NIAID, spearheaded by Dr. Anthony Fauci, one of the top advisers to the President of the United States, Donald Trump, during the current coronavirus crisis, has produced a series of startling EMs to scan for the SARS-CoV-2 virus.
A new frontier in microscopy.
Roberts is also using a process known as cryogenic electron microscopy, or cryo-EM for short, an advanced molecular imaging technique.
The 2017 Nobel Prize in Chemistry was awarded to three scientists for their work in developing cryo-EM, which, according to the quote, had “taken biochemistry into a new era.”
Although the technique was developed in the years between 1970 and 1990, it is only in more recent times that the technology has been brought up to date, allowing images to be transformed into sophisticated 3D models.
What the experts say about the coronavirus:
The process involves rapidly freezing the virus in a thin layer of ice approximately 1,000 thick in human hair, essentially capturing the specimen in suspended animation.
Roberts produced this image, which shows a single virion suspended in that ice cap, which appears as the darkest background area.
With cryo-EM images, it is also possible to combine thousands of these images, all taken at slightly different angles, to form a three-dimensional image or tomogram.
Tomography is the T on CT image, sometimes known as computed tomography, which produces a cross-sectional image of the anatomy and is a form of diagnostic imaging used by physicians.
The only difference is that EM uses electrons instead of X-rays.
Roberts says cryo-EM imaging is a recent technique and it is the process his team is currently using to build their models.
“It will give you a very good idea of how the virus is designed and what its general structure is.”
This image, below, is an example of a tomogram taken by Roberts on April 17.
It shows nuclei of virus particles, red in color, enclosed in their yellow viral envelopes.
The green and purple parts are part of the host cell, which comes from an animal kidney.
One of the virus particles can be seen leaving the cell in a process known as budding, which is a form of replication.
This is a short 3D effect video of the tomogram showing the same portion of infected cell (as the image above).
It was produced by stitching together 126 individual two-dimensional EM images taken at different angles.

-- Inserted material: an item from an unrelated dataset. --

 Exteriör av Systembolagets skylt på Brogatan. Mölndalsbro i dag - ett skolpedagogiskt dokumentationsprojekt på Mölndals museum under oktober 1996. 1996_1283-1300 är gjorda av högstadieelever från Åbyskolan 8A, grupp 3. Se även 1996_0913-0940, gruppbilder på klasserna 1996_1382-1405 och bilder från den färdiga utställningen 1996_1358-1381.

The thousands of collected EM images become parts of a puzzle, allowing scientists to reconstruct the virus’s atomic structure.

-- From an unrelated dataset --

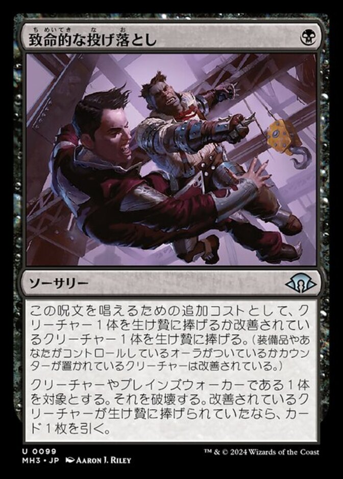 | Rules | As an additional cost to cast this spell, sacrifice a creature or sacrifice a modified creature. (Equipment, Auras you control, and counters are modifications.) Destroy target creature or planeswalker. If the modified creature was sacrificed, draw a card. |

That will help explain your tactics: your strategy for getting in and out of the cell, how it reproduces, and what your weaknesses are.

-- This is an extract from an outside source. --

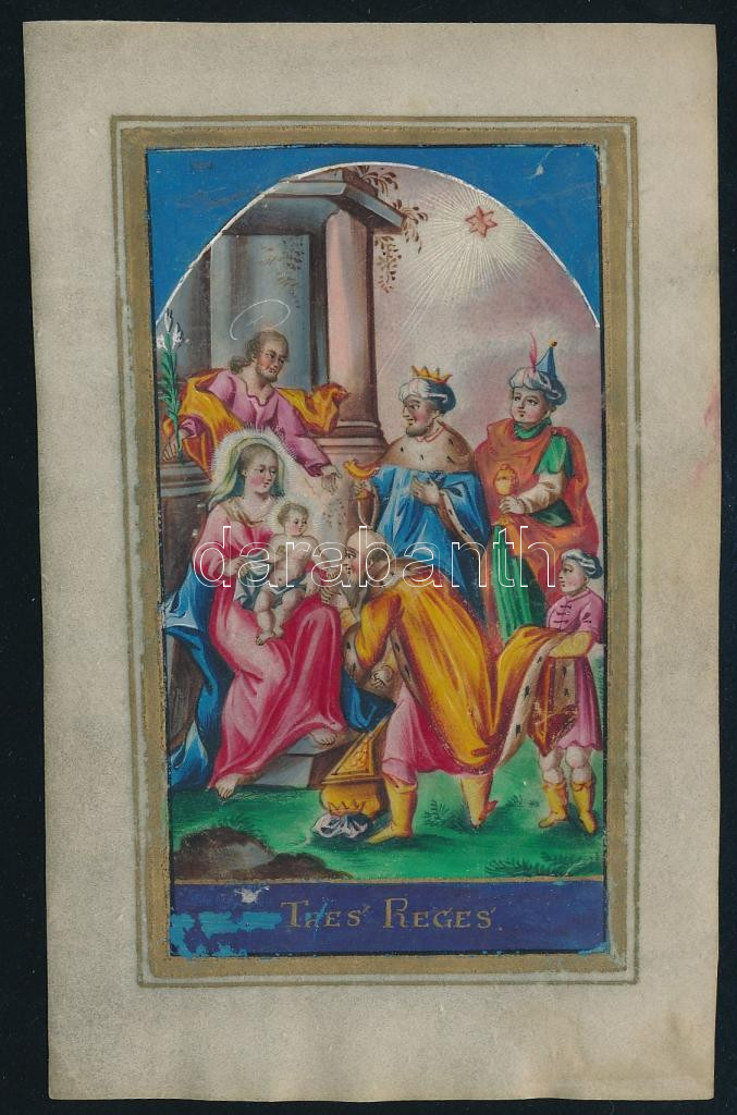 ca 1800 Három királyok. Kézzel festett szentkép 9x13,5 cm

Researchers can use existing drugs or develop new drugs to try to interrupt those viral processes.
The key is in those atoms, says Roberts.
“Once you understand the atomic structure of a virus, you have a pretty good idea of how to knock it down.”
Credits
- Reports: Stephen Hutcheon
- Design and production: Alex Palmer
- Images courtesy of Jason Roberts / VIDRL – Doherty Institute (with technical assistance from Andrew Leis / Bio21 Institute), Sandy Crameri / CSIRO and NIAID-RML.